As I mentioned previously, I’m working on improvements to my office space at home. The painting is all done, and I’ve booked installation of a hardwood floor for Monday. This means I have to (fairly quickly) remove everything from the floor of the room. That meant disassembling several computers, reorganizing wiring, and figuring out a way to keep my network switches/routers connected without anything actually resting on the floor. I thought I had it all worked out until disaster struck…
I installed a wall mounted shelf rated for fifty pounds of weight and moved my gear, including my server and UPS, from a rack onto the shelf. Right away, I bet you are saying “aren’t UPSes notoriously heavy?” Yes, they are. But I picked it up, said to myself “Self, that weighs no more than 30 pounds, and the rest of the stuff is under 20, so I’m golden!” I shouldn’t listen to myself.
At about 1:00 am, as I was getting ready for bed, there was a horrendous crash from the direction of my office. The shelf had splintered in several places, and all that expensive gear had plummeted to the floor. Since it wasn’t enough to have a server, several switches/routers, a firewall, and a UPS fall five feet to the floor, the collapsing gear also hit the nearly empty rack nearby and knocked an LCD monitor to the ground as well. Irene woke up and came running down as I surveyed the disaster area. I took a deep breath, told her to go back to bed, and started putting Humpty Dumpty back together again.
Amazingly, nothing other than the shelf was seriously damaged. In fact the network was still up and running and the server still serving web pages, even as its guts were spread upon the floor. The chassis of the server split open and plastic bits snapped off, but a little work with some pliers and dislodging a few broken case parts from near the motherboard, and I was able to reassemble it more or less as it was. The UPS was sitting the the floor, upright and still happily providing power- I swear it had an expression on its LCD panel not unlike one of our cats after they fall off the counter or something similar: an expression that says “I meant to do that.”
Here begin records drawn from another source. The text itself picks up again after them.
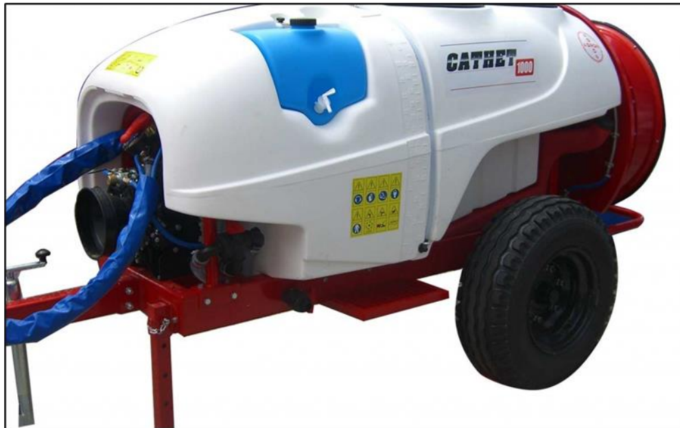
Slika 1. Spremnik raspršivača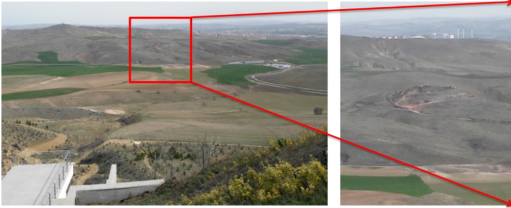
Foto 14-15: Duatepe’den “Son savunma hattı” olan Basrikale Tepe mevzilerinin ve arkasında Polatlı İlçesinin görünümü

17 Mart 2018 tarihinde 3. defa alana gidildiğinde de Tarihi Milli Parkla ilgili yerinde gözlemler yapılmış ve bulgular elde edilmiştir. Türk ordusunun “Son savunma hattı” olan Basrikale Tepe’deki kazı çalışmalarının halen durmaksızın devam ettirildiği görülmüş ve bu durum; gerek Türk genel karşı taarruzunda düşmandan geri alınan ilk tepe olan Duatepe’den gerekse “Son savunma hattı” olan Basrikale Tepe mevzilerinin içerisinde görülmüştür (Foto 14-15-16-17).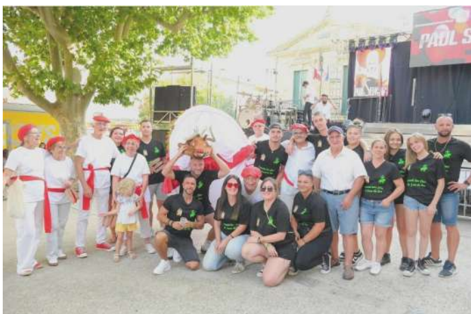
Notre animal totémique « Lo Picart » était de sortie pour le premier jour de la fête du village

Le Comité vous donne à tous rendez-vous pour une nouvelle année festive !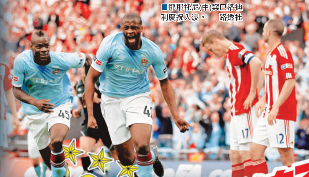
耶耶托尼(中)與巴洛迪利慶祝入波。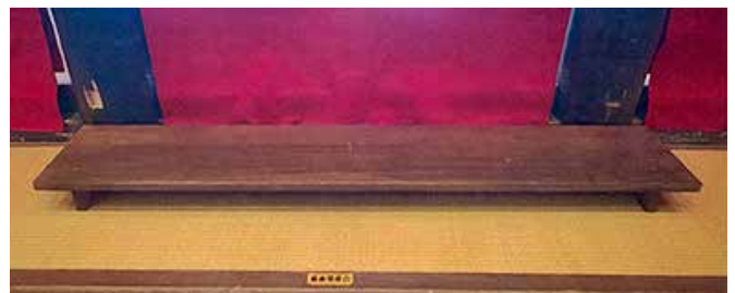
【高さ約11cmの長椅子席】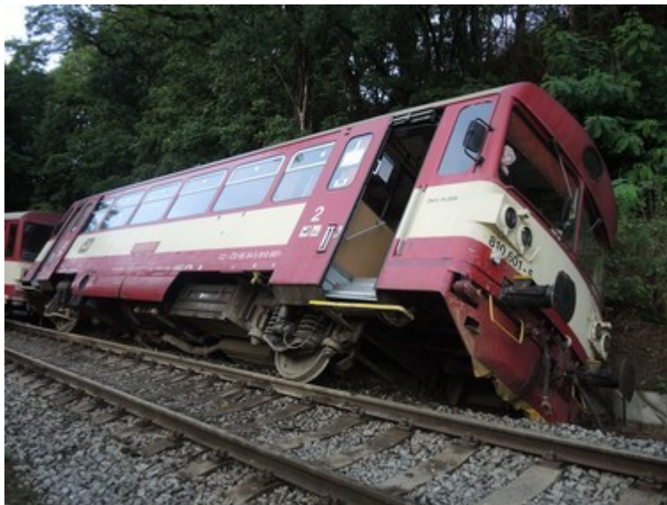
Obr. č. 9: Vykolejené a nakloněné HDV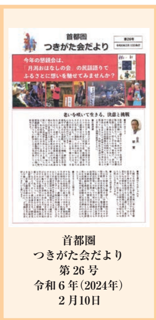
首都圏 つきがた会だより 第26号 令和6年(2024年) 2月10日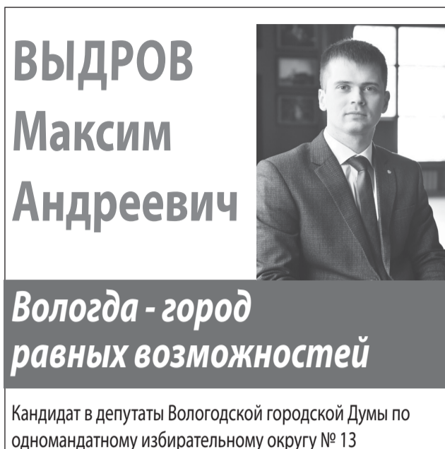
Материал размещен на безвозмездной основе. Размещено кандидатом Выдровым М.А.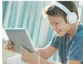
• écouter de la musique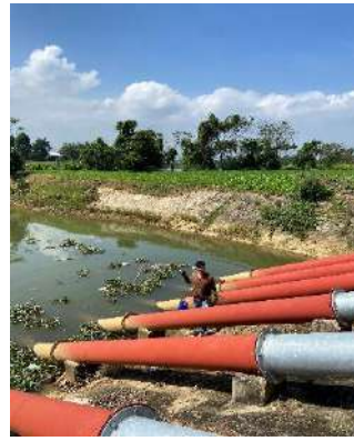
Hình 5. Trạm bơm Tứ Cầu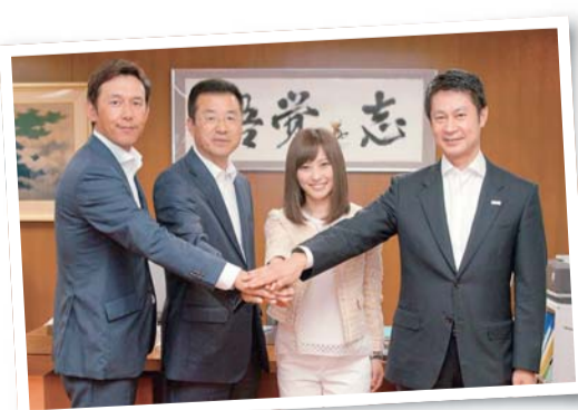
この動画やごぼれ話は 県ホームページでも配信中国!! ひろしま県民だより 検索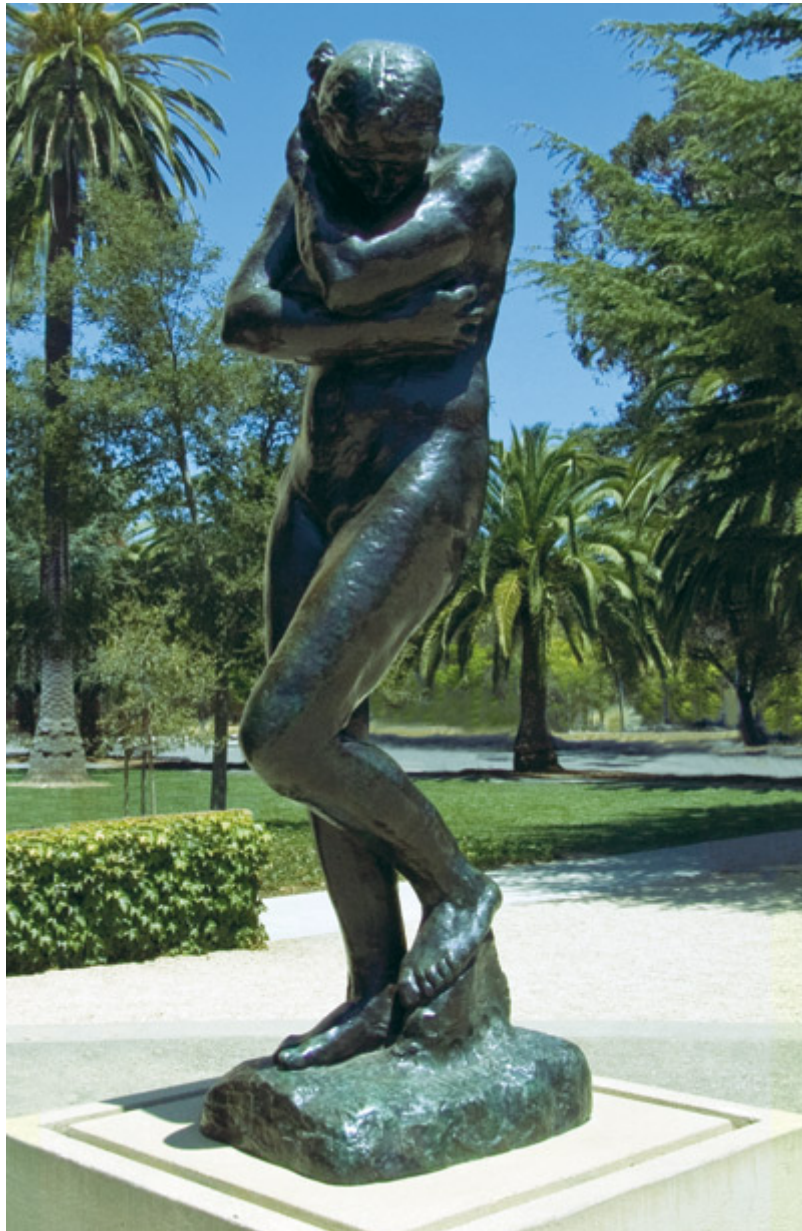
Blikkets sykdom. Skammen knytter seg til følelsen av å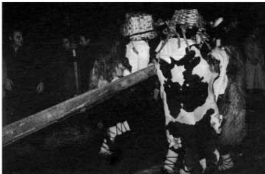
Carnaval de Altsasu (N)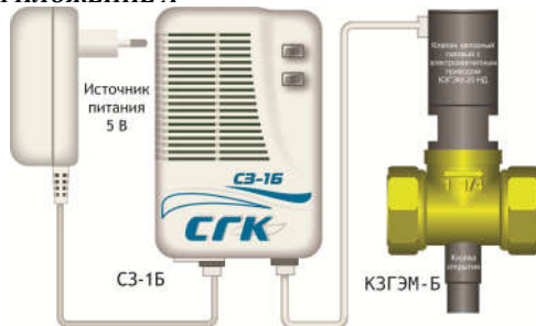
Рис. А1. Система СГК-1-х-Б с клапаном типа КЗГЭМ-Б.

1 – кабель типа UTP 2p Cat 5e, длина не более 10 м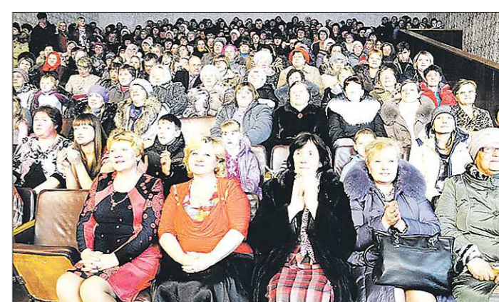
Зал деевского Дома культуры давно не собирал столько гостей

ГОСУДАРСТВЕННОЕ БЮДЖЕТНОЕ УЧРЕЖДЕНИЕ СВЕРДЛОВСКОЙ ОБЛАСТИ «РЕДАКЦИЯ ГАЗЕТЫ "ОБЛАСТНАЯ ГАЗЕТА"». ОБЩЕСТВЕННО-ПОЛИТИЧЕСКОЕ ИЗДАНИЕ

The routers and switches didn’t seem to notice their fall at all- solid state for the win! The LCD display seems perfectly functional as well, and really it was the most fragile part of the whole collapse. The nice, new paint is damaged where the shelf banged into it, but it is just scratches and gouges. Once the floor is done I’ll have to retouch the baseboard area anyway, and the impact damage is small enough I’d consider it touch up work as well. Its a little frustrating after all that work, but it could certainly have been much worse.
I had a second shelf that I’ve reattached to the wall, and I’ve placed nothing but the critical network gear on it. The UPS and server I’ve placed in another room for now, attached to my Time Capsule/Airport Express switch. It’s not ideal: the UPS normally provides power to all my network gear as well, but I’m not putting that thing back on the shelf.
According the the APC website, my model of UPS (Back UPS XS 1300) is supposed to be 13.5 KG, so about 30 pounds as I guessed. The shelf was firmly affixed to studs at either end (and the screws didn’t budge at all): what gave way was the wood itself, splitting at the critical support point. Either the shelf specifications are wrong, or my guesstimate regarding the weight of all the other stuff was out significantly. Either way, I’m not going to press my luck.